_Problem requirements:_ Your task is to reproduce the listing exactly, without its images.

_Provided data:_
********************

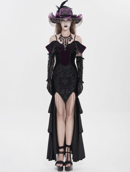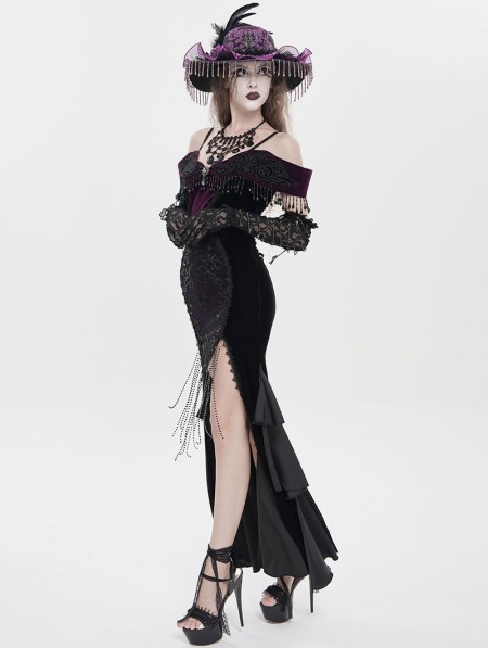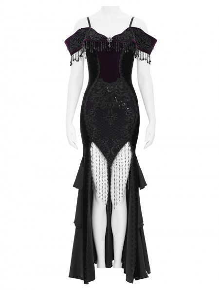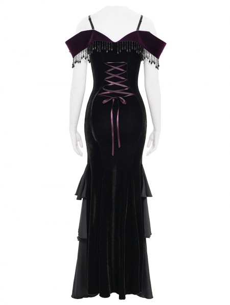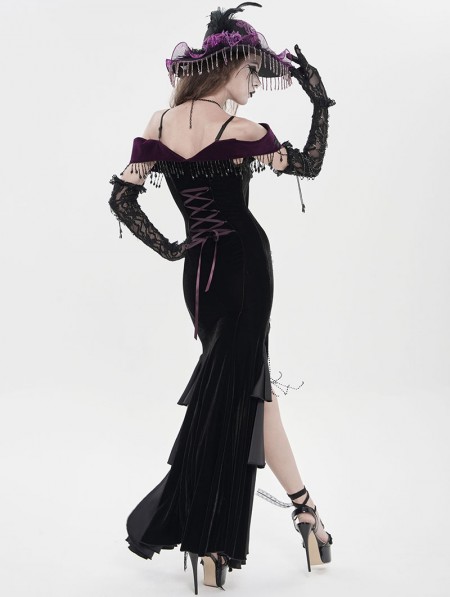 Eva Lady Black and Purple Gothic Sexy Off-the-Shoulder Velvet Slit Fishtail Dress
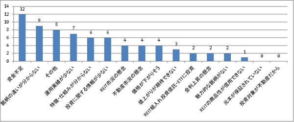 REIT投資の未経験者がREITに投資しない理由として「資金不足」が一番多いが、次点に「銘柄の違いが分からない」が位置する。全46銘柄ある中で、銘柄の特性をより打ち出すこと、銘柄を比較して違いを示すことが求められよう。
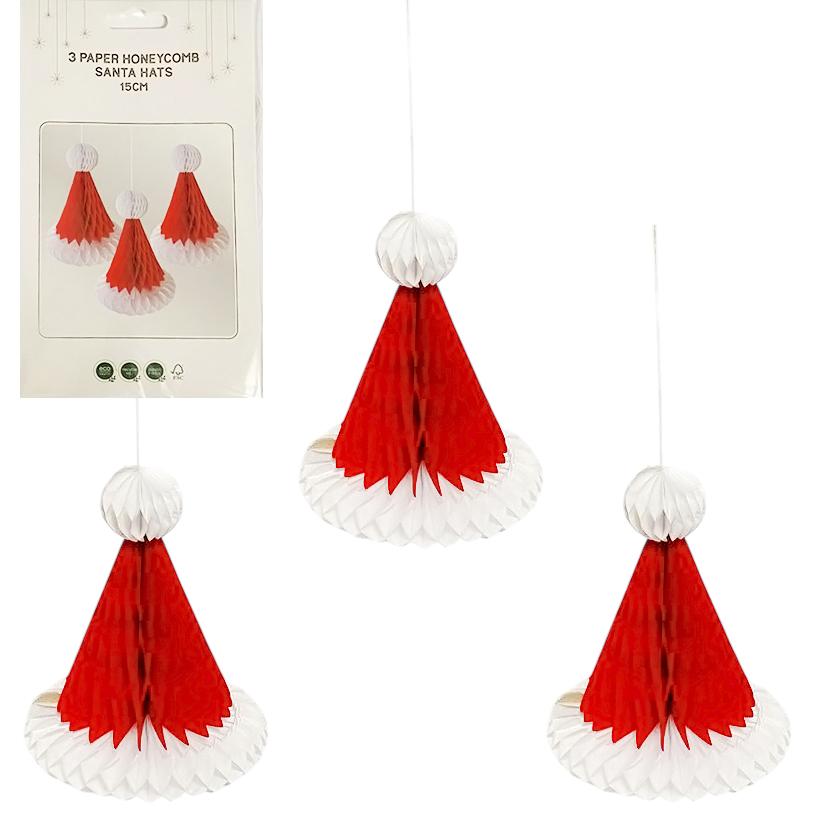 РАСПРОДАЖА! Набор подвесных бумажных новогодних украшений 3шт "Шапка Санты" CG-8

********************

_Answer for the task:_
 Eva Lady Black and Purple Gothic Sexy Off-the-Shoulder Velvet Slit Fishtail Dress
 REIT投資の未経験者がREITに投資しない理由として「資金不足」が一番多いが、次点に「銘柄の違いが分からない」が位置する。全46銘柄ある中で、銘柄の特性をより打ち出すこと、銘柄を比較して違いを示すことが求められよう。
 РАСПРОДАЖА! Набор подвесных бумажных новогодних украшений 3шт "Шапка Санты" CG-8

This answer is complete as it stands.